Gail Laughton aided only by wind-chimes and finger-cymbals plies
the twists and turns of time all the way back to Lemuria and distant
Atlantis. His is inevitably an exercise in imagination. As it
says on the disc: A 23,000 Year Trip Back Through Man's Magnificent
Past: His Temples, Deities and Rituals - Expressed
Through the Sounds of his Favorite and Eternal Instrument.
What of the music?
It is plangent and rhythmic (Hebrews), suitably oriental, alive
with small bell noises and enigmatic (Japan), lapping with water
(Pompeii), slow with a Ravel-like grace (Greece), shivering with
tremolo (Mayans), shuddering with distant threat and distant ecstasy
(Crete), darkly iterative (Babylon), surprisingly starry and serene
(Stonehenge), a complex mingling kaleidoscope of de profundis
figuration (Egypt), redolent of remote courts and courtly
dances (Lemuria) and plangent and pearlescent with a shiver of
cold illimitable ocean depths (Atlantis).
Perhaps you know the
Bernard Herrmann film score for Beyond the Twelve Mile Reef.

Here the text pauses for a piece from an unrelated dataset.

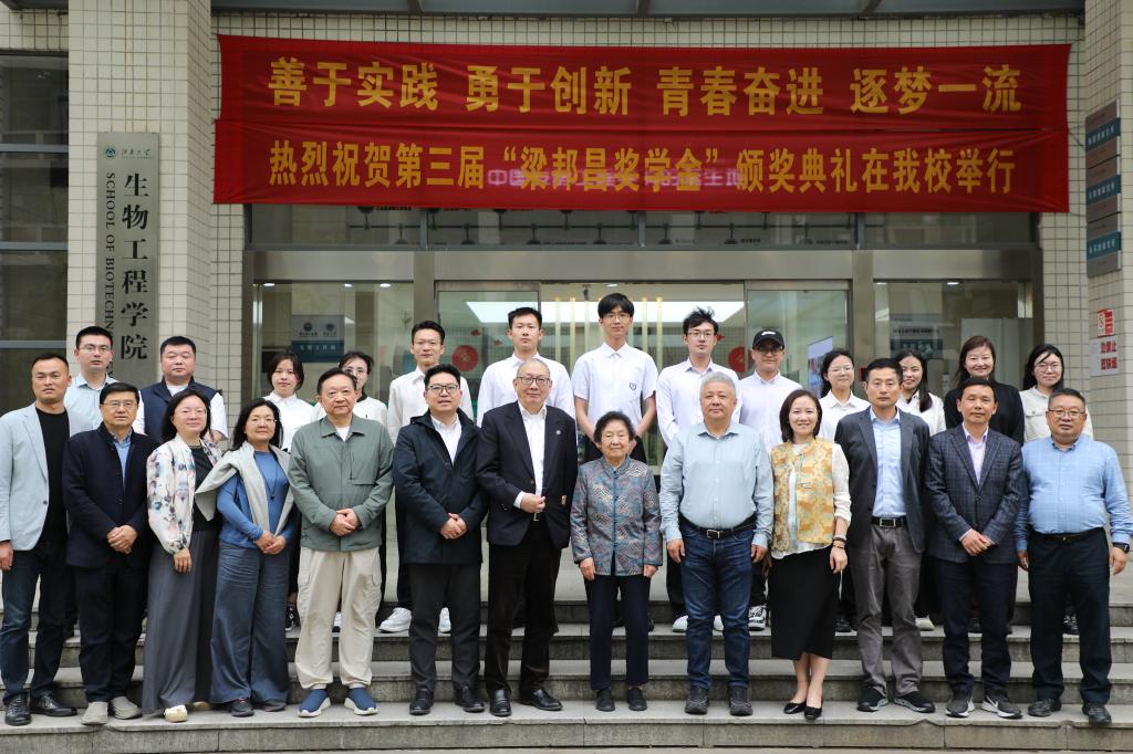 4月22日下午,江南大学第三届“梁邦昌奖学金”颁奖典礼在生物工程学院举行。梁邦昌先生夫人叶秀英女士及家人、亲友,秦含章先生之子秦大文,江苏省收藏家协会酒类收藏专业委员会会长张继斌、常务副会长陈先、秘书长孙年华,江苏省酒类行业协会酒文化专委会常务副会长王树柏,洋河股份中国酿造史研究中心主任薛化松,江南大学原副校长、生物工程学院徐岩教授,生物工程学院党委书记程捷音,范文来教授等出席颁奖典礼,活动由学院党委副书记、副院长林丹主持。

If you do then this music often touches base Herrmann’s cue for
the fight with the octopus.
This disc can be compared
with the harp and ensemble music on Music in the Age of the
Pyramids - Ancient Egypt – with music variously composed,
arranged and conducted by Rafael Pérez Arroyo on Natural Acoustic
recordings NAR001 (see review).
That disc concentrates its speculative recreations on the Egypt
of the pharaohs. It is therefore narrower in its fanciful mission.
Oddly enough the longest piece on the Laughton disc is Egypt
The playing time is
short overall – not even half an hour - but this reflects the
collection’s LP origin. In fact the disc was prepared from an
original vinyl LP.
For those who delight
in allusive speculative time travel or who must have every speck
of music from the Ridley Scott film Blade-Runner (1982)
which gave the disc brief celebrity.